What Makes a Software Company Strong Is Not Its Size
Petyo Stoyanov · April 7, 2026
Today, a small software company can do more than ever before. What makes it strong is not its size, but the way it works.
Strength is no longer measured the same way
Artificial intelligence has fundamentally changed the way software is built.
The change is not simply that AI tools now help you work faster and more productively. That is useful, of course, but to me that is not the real shift.
The real shift is that AI now creates a new kind of capacity – one that allows small software companies to build a fundamentally different operating model.
Yes, teams today are made up of both people and virtual employees.
Until recently, the strength of a company was measured by how many people it had, and capacity was largely a linear function of team size. Today, some kinds of work can be taken on by virtual employees.
What matters to me is building a system in which virtual employees are part of how the company operates.
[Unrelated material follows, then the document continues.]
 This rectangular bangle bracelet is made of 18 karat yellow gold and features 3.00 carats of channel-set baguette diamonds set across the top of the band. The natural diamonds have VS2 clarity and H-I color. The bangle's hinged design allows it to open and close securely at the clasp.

AI as an assistant or AI as a system
This is where the human role comes in. In my view, when you work with AI-driven virtual employees, the human becomes even more important when it comes to the company’s capacity. And not only in terms of capacity, but in other ways too, which I will come to in a moment.
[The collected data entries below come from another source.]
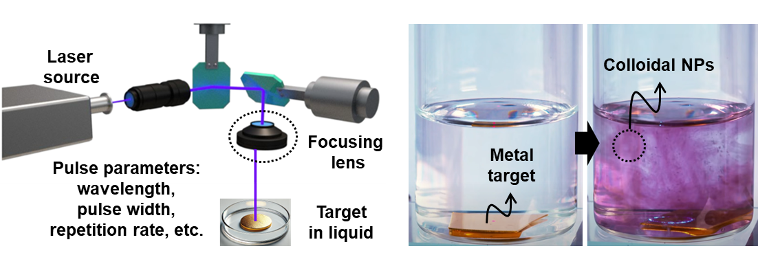 Laser ablation in liquids process (left) and actual formation of nanoparticles (right)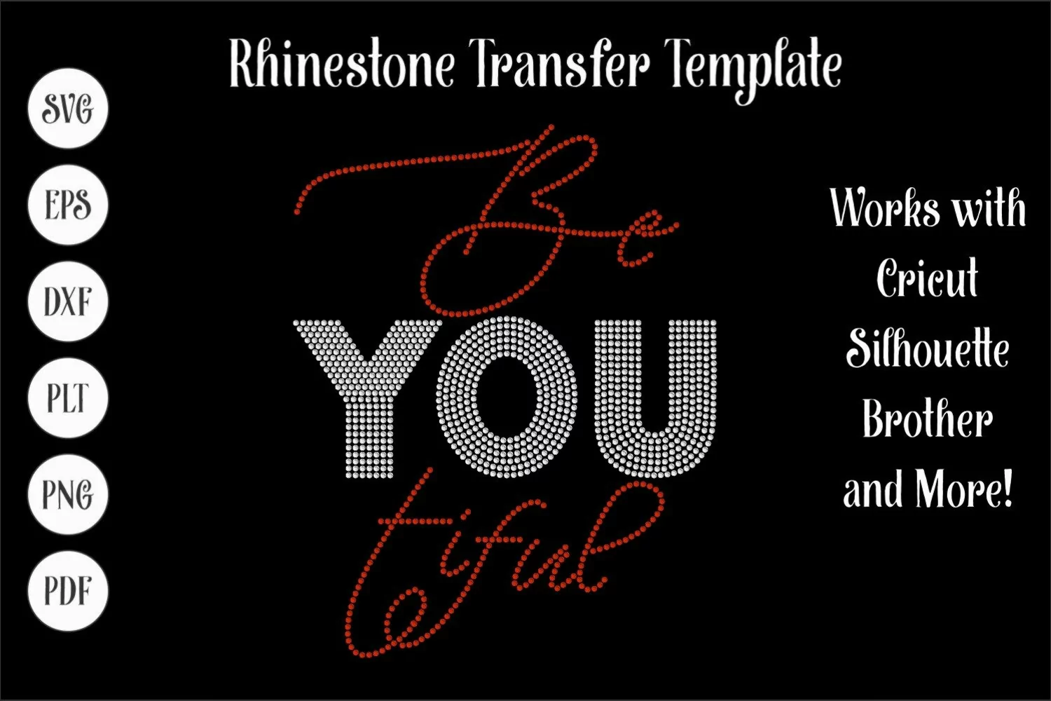 Rhinestone digital downloads are the perfect way to grow your design base and offer your clients on trend, as well as beautiful and classic designs. This rhinestone instant download template includes the following formats: SVG, EPS, DXF, PLT, PNG and PDF, ensuring it is compatible with a wide variety of cutting software and machines, including the Silhouette, Cricut, and Brother software.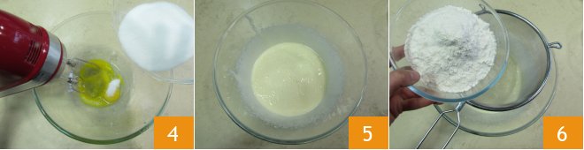 Melt the butter over low heat and let it cool. Pour the eggs into a large bowl and start beating them with an electric mixer, gradually adding the sugar 4. You should obtain a light and frothy mixture 5. At this point, sift in both the flour 6,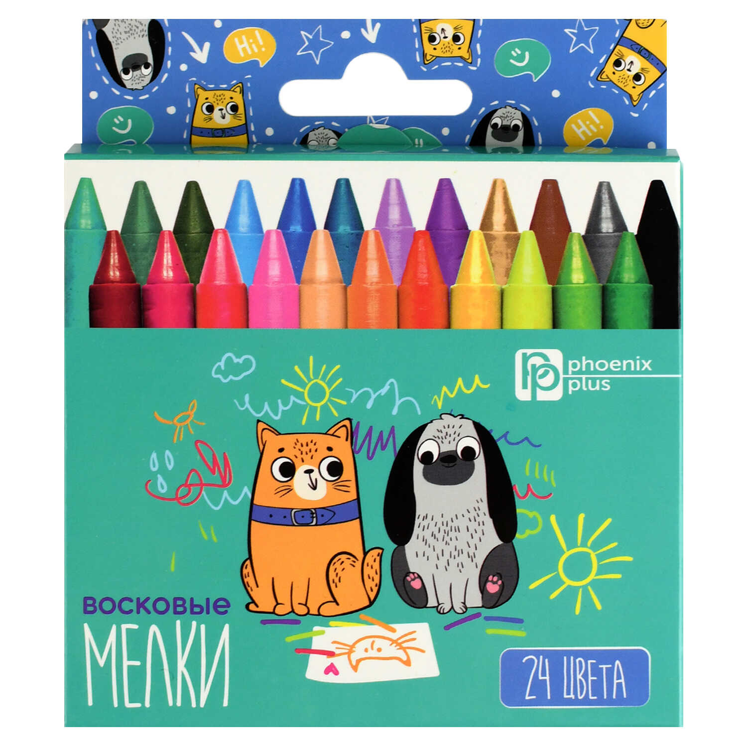 Мелки восковые арт. 69655 / 12 КОТ И ПЕС (24 цвета (штуки) в наборе, размер: 88х8 мм, форма корпуса: круглая, бумажная обертка на корпусе, картонная коробка с европодвесом).

Founders of small software companies now have an opportunity that did not exist until recently.
Imagine two founders of small software companies. The first uses individual AI tools from time to time, and for him AI is more of a chaotic helper. The second has built an entire team of virtual employees who support him-not chaotically, but as a structured system, the way it would look if those roles were performed by real people. A chief architect and a developer can be virtual employees, for example, and so can a project-specific legal advisor.
In the first case, AI is a tool that helps increase the founder’s personal capacity. In the second, AI is already part of a system in which different roles take on different parts of the work – the effect is not just an increase in capacity, but a multiplication of it.
That is why, today, I do not see AI as a helper, but as an entire layer on top of which I can structure the way my company works, the way I envision it.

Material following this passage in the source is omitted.